Product ID:  1401216676 
Product title: Batman The Killing Joke Special Ed HC


In [13]:
mostSimilar(query, 10)

['1401207529', '1401232590', '1401223176', '1401235425', 'B00X5ZT04E', '140120841X', '1607066017', '160309329X', 'B003N5VTUY', 'B000028D3Y']

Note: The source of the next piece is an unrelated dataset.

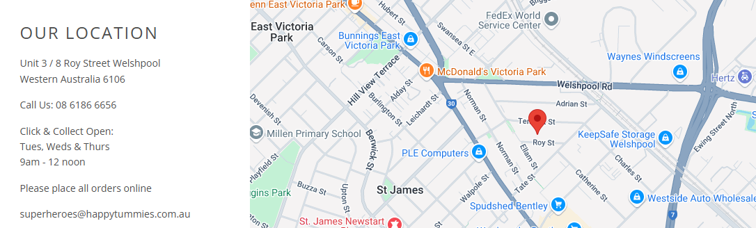 *Locations are determined by Happy Tummies using Australia Post tables.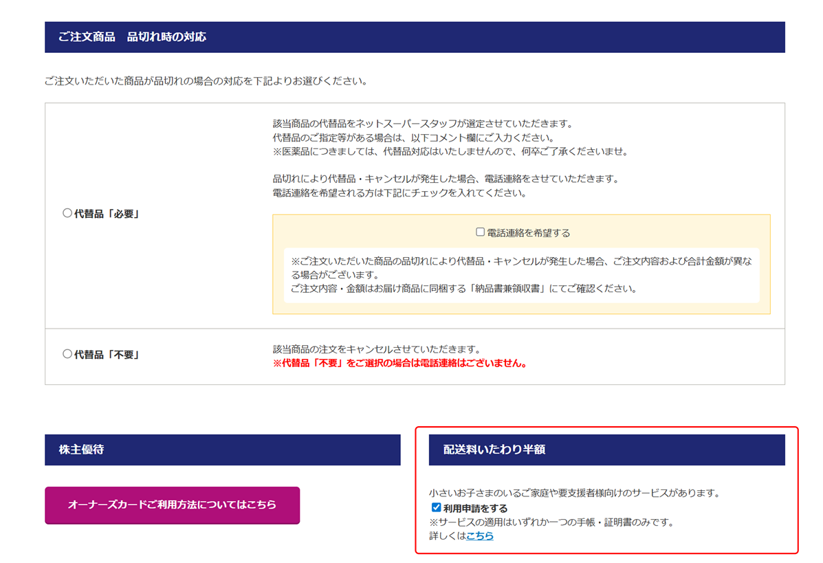 イオン東北ネットスーパーでは、会員登録時およびお客さま情報変更画面から、オーナーズカード情報のご登録が可能です。

[(0.07339449541284404, '1401207529'),
 (0.02912621359223301, '1401232590'),
 (0.02586206896551724, '1401223176'),
 (0.024793388429752067, '1401235425'),
 (0.018691588785046728, 'B00X5ZT04E'),
 (0.017857142857142856, '140120841X'),
 (0.013333333333333334, '1607066017'),
 (0.013157894736842105, '160309329X'),
 (0.012987012987012988, 'B003N5VTUY'),
 (0.012987012987012988, 'B000028D3Y')]

In [14]:
print("Similarity based Recommendations(top 10)")
[itemNames[x[1]] for x in mostSimilar(query, 10)]

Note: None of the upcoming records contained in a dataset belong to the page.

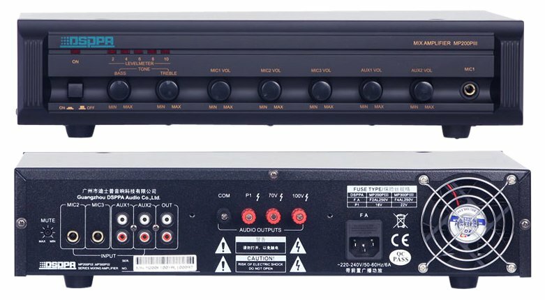 DSPPA MP-200P Микшер-усилитель 60 Вт\100В, 3 микр, 2 Aux входа, 1 Aux вых, питание 220В. Габаритные размеры 483х88х345 мм. Масса 10 кг интересное: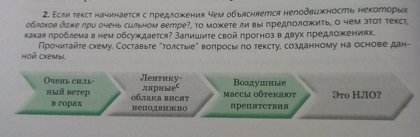 100 БАЛЛОВ 2. Если текст начинается с предложения Чем объясняется неподвижность некоторых облаков даже при очень сильном ветре?, то можете ли вы предположить, о чем этот текст, какая проблема в нем обсуждается? Запишите свой прогноз в двух предложениях. Прочитайте схему. Составьте "толстые" вопросы по тексту, созданному на основе данной схемы.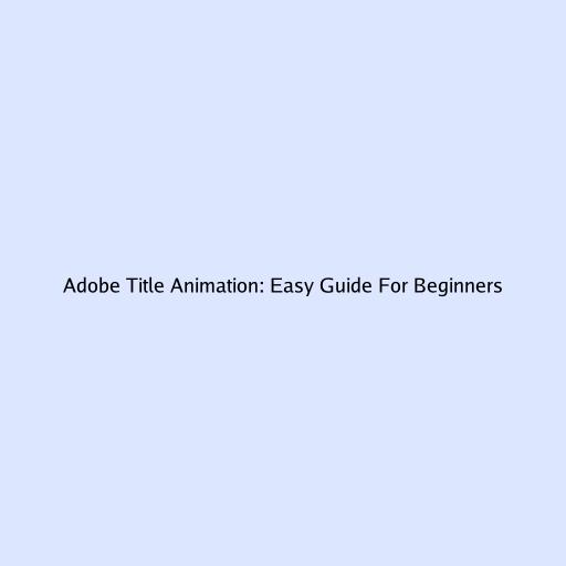 Adobe Title Animation: Easy Guide for Beginners

Similarity based Recommendations(top 10)
['1401207529', '1401232590', '1401223176', '1401235425', 'B00X5ZT04E', '140120841X', '1607066017', '160309329X', 'B003N5VTUY', 'B000028D3Y']


['Batman Year One Deluxe SC',
 'Batman The Long Halloween TP',
 'Batman Hush Complete TP',
 'Batman Volume 1: The Court of Owls TP (The New 52) (Batman (DC Comics Paperback))',
 'X-Men: Days of Future Past - Rogue Cut [Blu-ray] [2014]',
 'V For Vendetta New Edition TP',
 'Saga Volume 1 (Saga (Comic Series))',
 'The League of Extraordinary Gentlemen (Volume III): Century|The League of Extraordinary Gentlemen|The League of Extraordinary Gentlemen',
 'Batman: Under the Red Hood',
 'Instrument (Soundtrack)']

## Comments:
1. MSE after optimizing has slightly better result than average rating.
2. Recommendations on products was done here; Predicting ratings can be done further.
3. For the input product of Batman The Killing Joke Special Ed HC you get a list of comic related recommendations, except for Instrument which is a music category.